I continue to argue against it. Once you buy, you are stuck. Stuck with the property tax increases, service cuts, and community deterioration Generation Greed plans on cashing out and leaving you with. They are counting on younger people not really understanding what is coming, and being suckers. Instead of only being willing to pay a price that is so low that it takes back in lower housing costs all the community deficiencies that are being left behind. Generation Greed isn’t willing to sell at that price. Yet. The government is helping them, inflating the price of their houses (and stocks) with zero interest rates and other policies, and hiding the full burden of past public policies. It’s a war of attrition. Once the tax increases and service cuts can’t be put off anymore, however, housing prices will start to reflect them.
Consider what is happening in metro Chicago, where property taxes are soaring and services are collapsing to pay for debts and pensions. According to Crain’s Chicago Business
“Condominium owners in a Lincoln Park high-rise have voted to sell the entire building to an investor that plans to convert it to apartments, possibly the biggest deal of its kind in Chicago. Strategic Properties of North America has agreed to buy Clark Place Private Residences, a 133-unit building, confirmed Sam Haddadin, president of the building’s condo board. The building, which was converted from apartments to condos in 2005, will become a rental property once again, a switch that’s becoming more common in Chicago amid the hot apartment market.”

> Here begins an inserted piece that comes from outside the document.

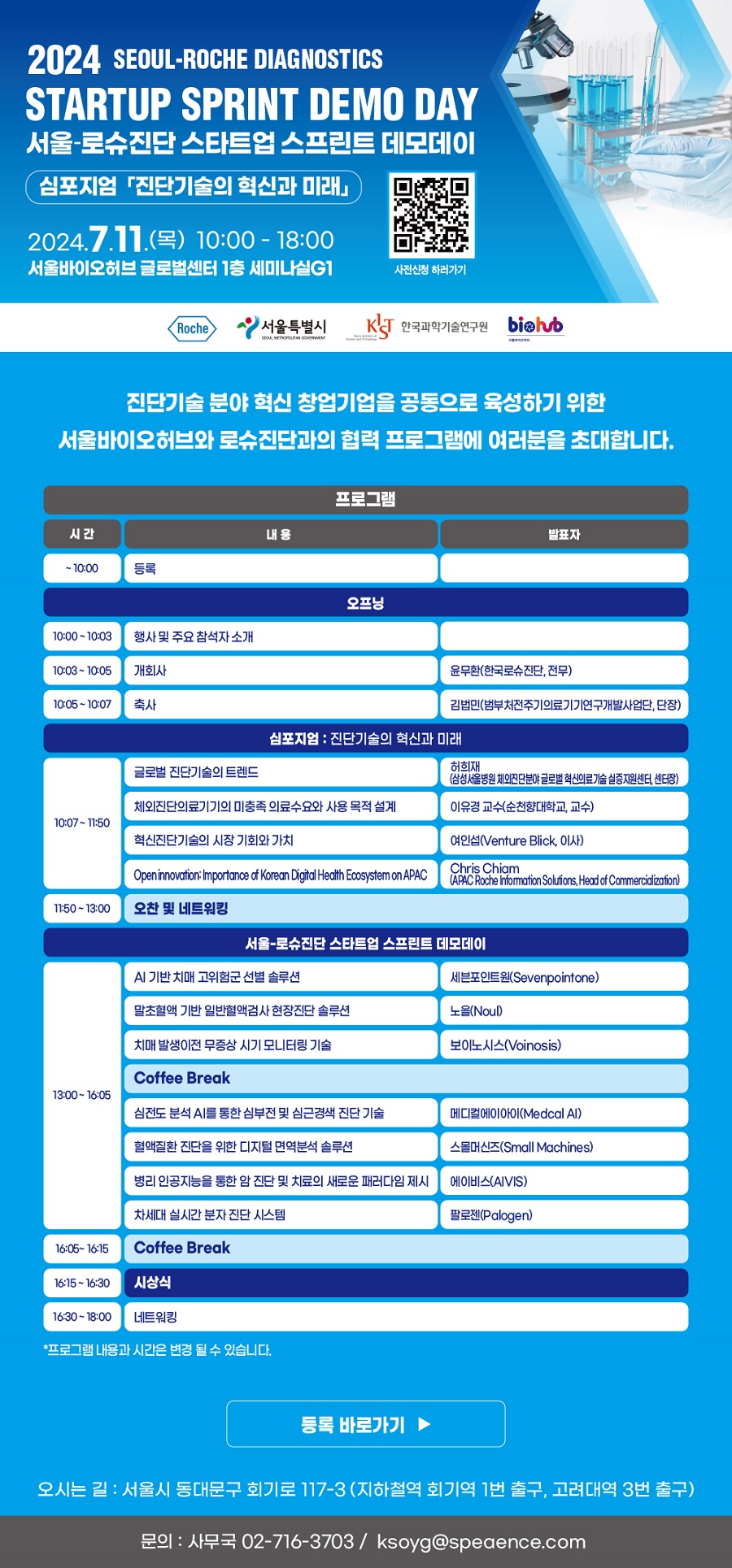 ㆍ행사명 : 2024 서울-로슈진단 스타트업 스프린트 데모데이(심포지엄:진단기술의 혁신과 미래)

“Historically, developers have preferred to convert apartments to condos. That made sense before the crash, when condo buyers were willing to pay higher prices for converted apartments than apartment investors would, creating an arbitrage opportunity for developers. But the market has flipped. Though condo prices are recovering, apartment values have soared even more in recent years, meaning the pricing spread works the other way.”
Think about what that means.
A premium for ownership reflects two things: the ability to lock in housing prices, regardless of any inflation in the economy, and to become a permanent part of a community. That’s why people have been typically willing to pay more to own than to rent – rents could rise, but the mortgage payment is fixed and – if one pays the mortgage off – eventually disappears.

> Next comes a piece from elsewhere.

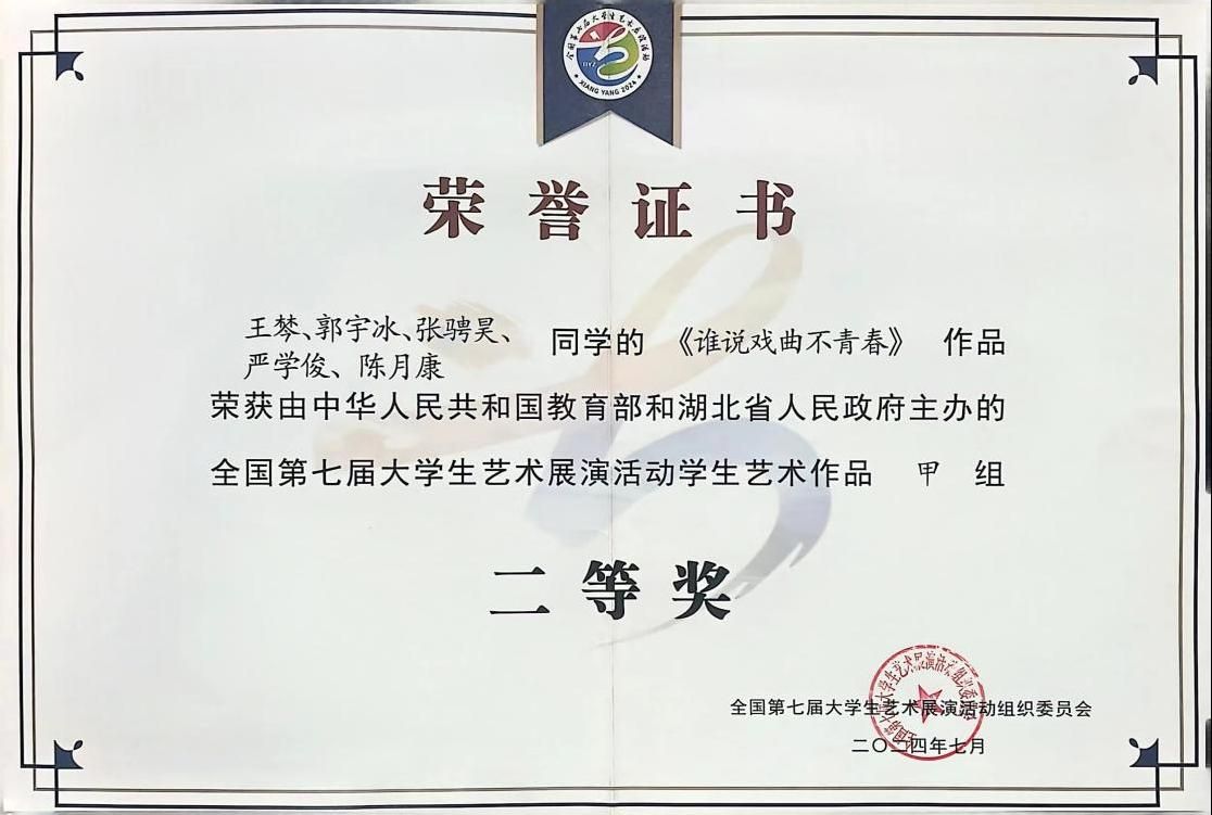 近日,全國(guó)第七屆大學(xué)生藝術(shù)展演活動(dòng)結(jié)果正式揭曉。我校報(bào)送的微電影《誰(shuí)說(shuō)戲曲不青春》榮獲全國(guó)第七屆大學(xué)生藝術(shù)展演活動(dòng)學(xué)生作品甲組二等獎(jiǎng)。

A premium for renting reflects two things: the ability to benefit from falling housing prices in the long run (even though rents have been rising more than income in the recent past), and the ability to flee a community if it deteriorates and taxes rise. Because even after you pay off the mortgage, those taxes remain.
The community has become a wealth transfer mechanism from young people who can’t run away to Generation Greed, which feels entitled to everything it promised itself but refused to pay for. If you are locked in you are set up to be a victim and pay the debts, underfunded and retroactively enriched pensions, and deteriorating infrastructure left behind by those who came before.

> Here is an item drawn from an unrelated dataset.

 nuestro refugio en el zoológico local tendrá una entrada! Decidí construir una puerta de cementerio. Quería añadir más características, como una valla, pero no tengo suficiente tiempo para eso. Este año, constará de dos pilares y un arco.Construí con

Unless you pay so little up front that it offsets any possible disadvantage. I heard yesterday from a friend of my older daughter, who has joined many of her other classmates in leaving metro New York, in her case for a PhD program at Washington University in St. Louis. She said that many of her new classmates are buying houses there just to use for six years, because houses are so cheap in St. Louis that doing so is cheaper than renting.
It will take more data to confirm this, but the young serfs may have started to leave New York or at least stop coming here in large numbers. Where they will go instead remains to be seen.